▸ Source data:
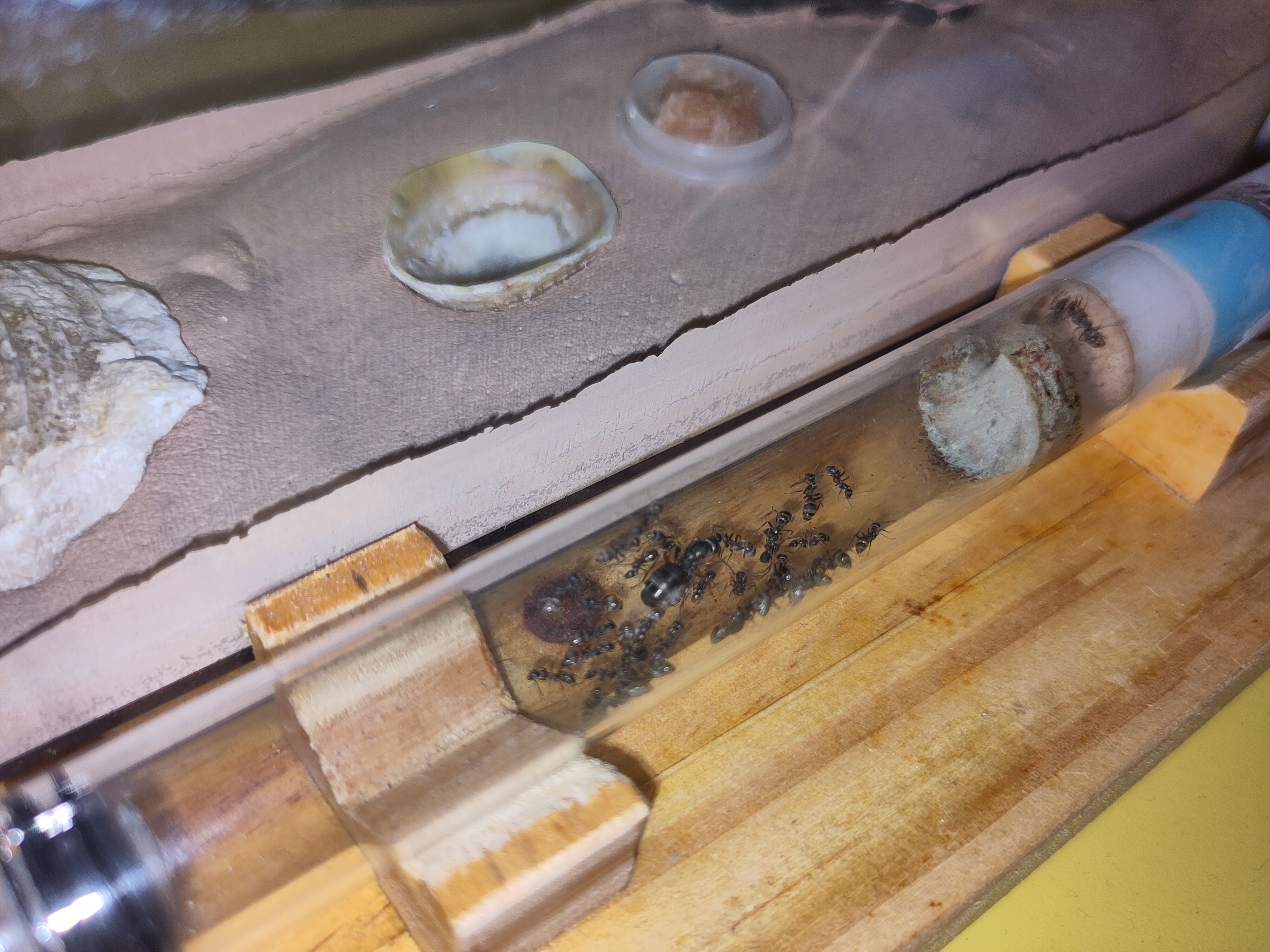 C'est une nouvelle aventure qui commence ici avec une fondation de Formica sp., probablement Formica cunicularia, généreusement envoyée par Mic (en tube rechargeable) et réceptionnée mercredi dernier ! Dans ce colis, il y avait également une jolie petite ADC incluant un support pour tube, une mangeoire, et de l'anti-évasion déjà appliqué (fluon), le tout très bien emballé !
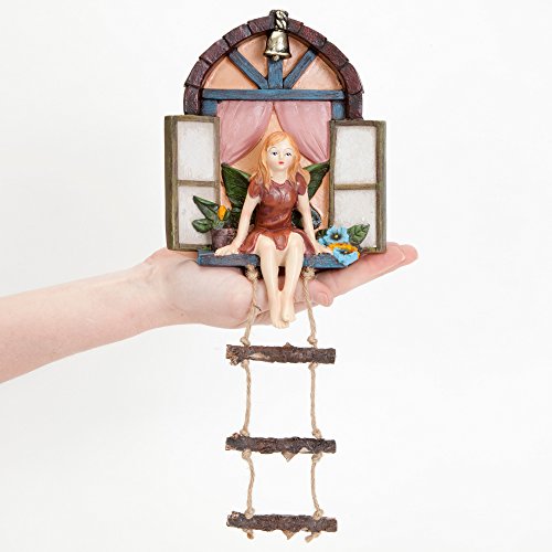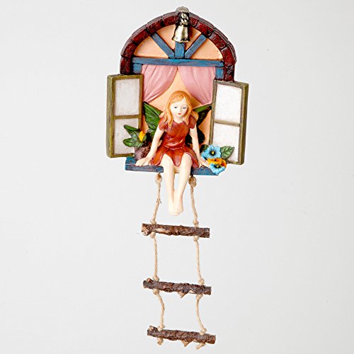 Bits and Pieces - Fairy House With Ladder Hanging Tree Sculpture - Outdoor Tree Statue - Whimsical Hand Painted Polyresin Garden Decoration
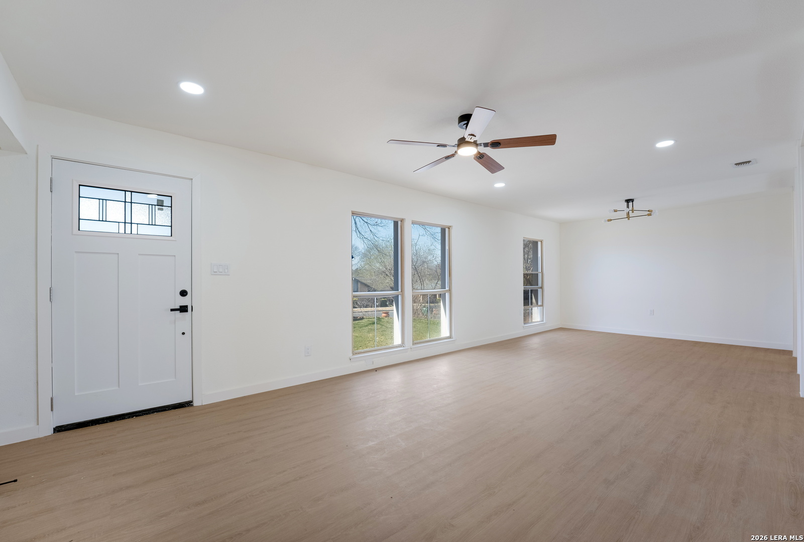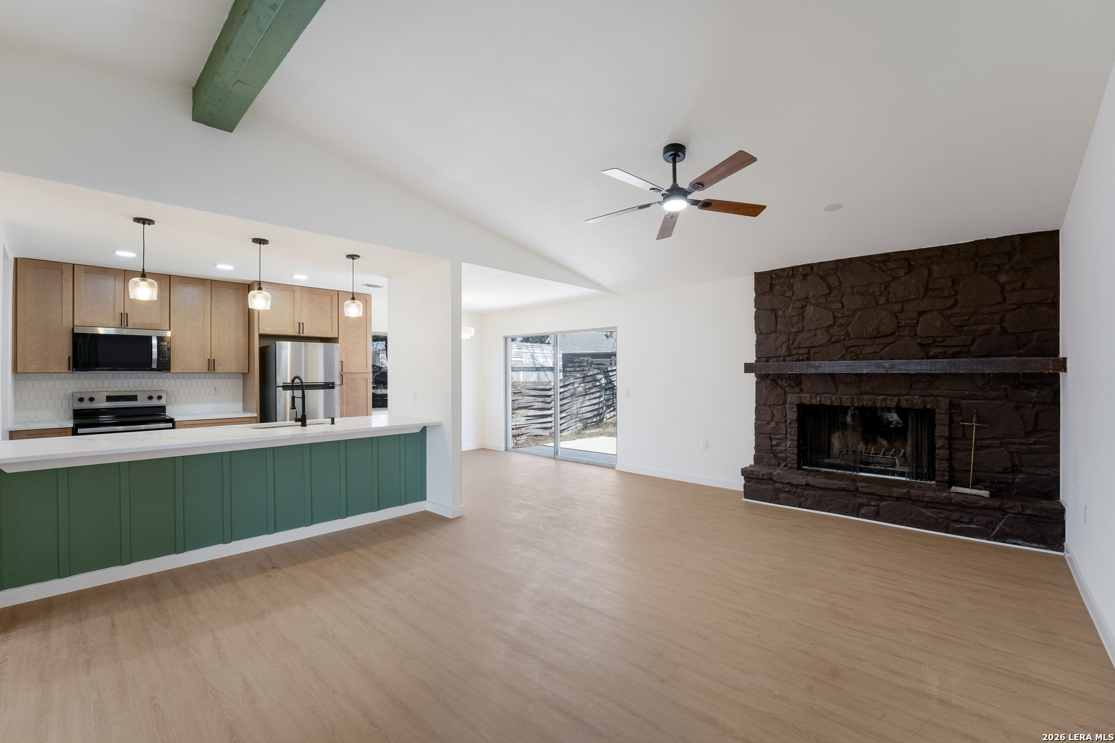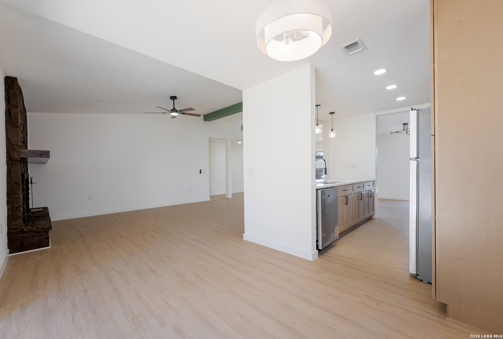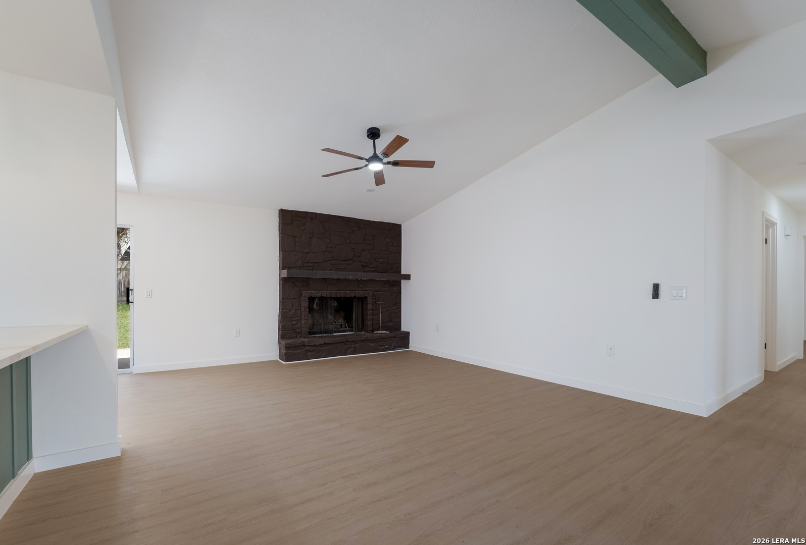 Beautifully Renovated & Move-In Ready! This stunning 3-bedroom, 2-bath home has been fully updated with modern style, clean lines, and a highly functional layout in a well-established Northeast San Antonio neighborhood. Step inside to a bright, open floor plan featuring luxury vinyl plank flooring throughout ( yes, no carpet! ), fresh neutral finishes, and a cozy fireplace as the focal point of the living area. The modern kitchen flows seamlessly into the living and dining areas and connects perfect for entertaining, offering ample cabinetry, modern fixtures, and a sleek, contemporary design. Low-Maintenance & Long-Lasting, say goodbye to frequent roof repairs! The metal roof offers years of worry-free durability. All bedrooms are generously sized, and both bathrooms have been beautifully remodeled with trend-forward finishes and modern fixtures. Additional features include ceiling fans throughout, a spacious 2-car garage, spacious backyard ideal for entertaining or relaxing . Ideally situated near NEISD schools with quick access to Loop 1604, I-35, shopping, dining, parks, and everyday conveniences, plus established community. Thoughtfully updated, beautifully finished, and move-in ready, don't miss out!

▸ Task goal: To complete this exercise, repeat exactly the lines above from the one holding "Bits and Pieces" to the end of the listing, both included, and leave the pictures out.

▸ Solved exercise:
 Bits and Pieces - Fairy House With Ladder Hanging Tree Sculpture - Outdoor Tree Statue - Whimsical Hand Painted Polyresin Garden Decoration
 Beautifully Renovated & Move-In Ready! This stunning 3-bedroom, 2-bath home has been fully updated with modern style, clean lines, and a highly functional layout in a well-established Northeast San Antonio neighborhood. Step inside to a bright, open floor plan featuring luxury vinyl plank flooring throughout ( yes, no carpet! ), fresh neutral finishes, and a cozy fireplace as the focal point of the living area. The modern kitchen flows seamlessly into the living and dining areas and connects perfect for entertaining, offering ample cabinetry, modern fixtures, and a sleek, contemporary design. Low-Maintenance & Long-Lasting, say goodbye to frequent roof repairs! The metal roof offers years of worry-free durability. All bedrooms are generously sized, and both bathrooms have been beautifully remodeled with trend-forward finishes and modern fixtures. Additional features include ceiling fans throughout, a spacious 2-car garage, spacious backyard ideal for entertaining or relaxing . Ideally situated near NEISD schools with quick access to Loop 1604, I-35, shopping, dining, parks, and everyday conveniences, plus established community. Thoughtfully updated, beautifully finished, and move-in ready, don't miss out!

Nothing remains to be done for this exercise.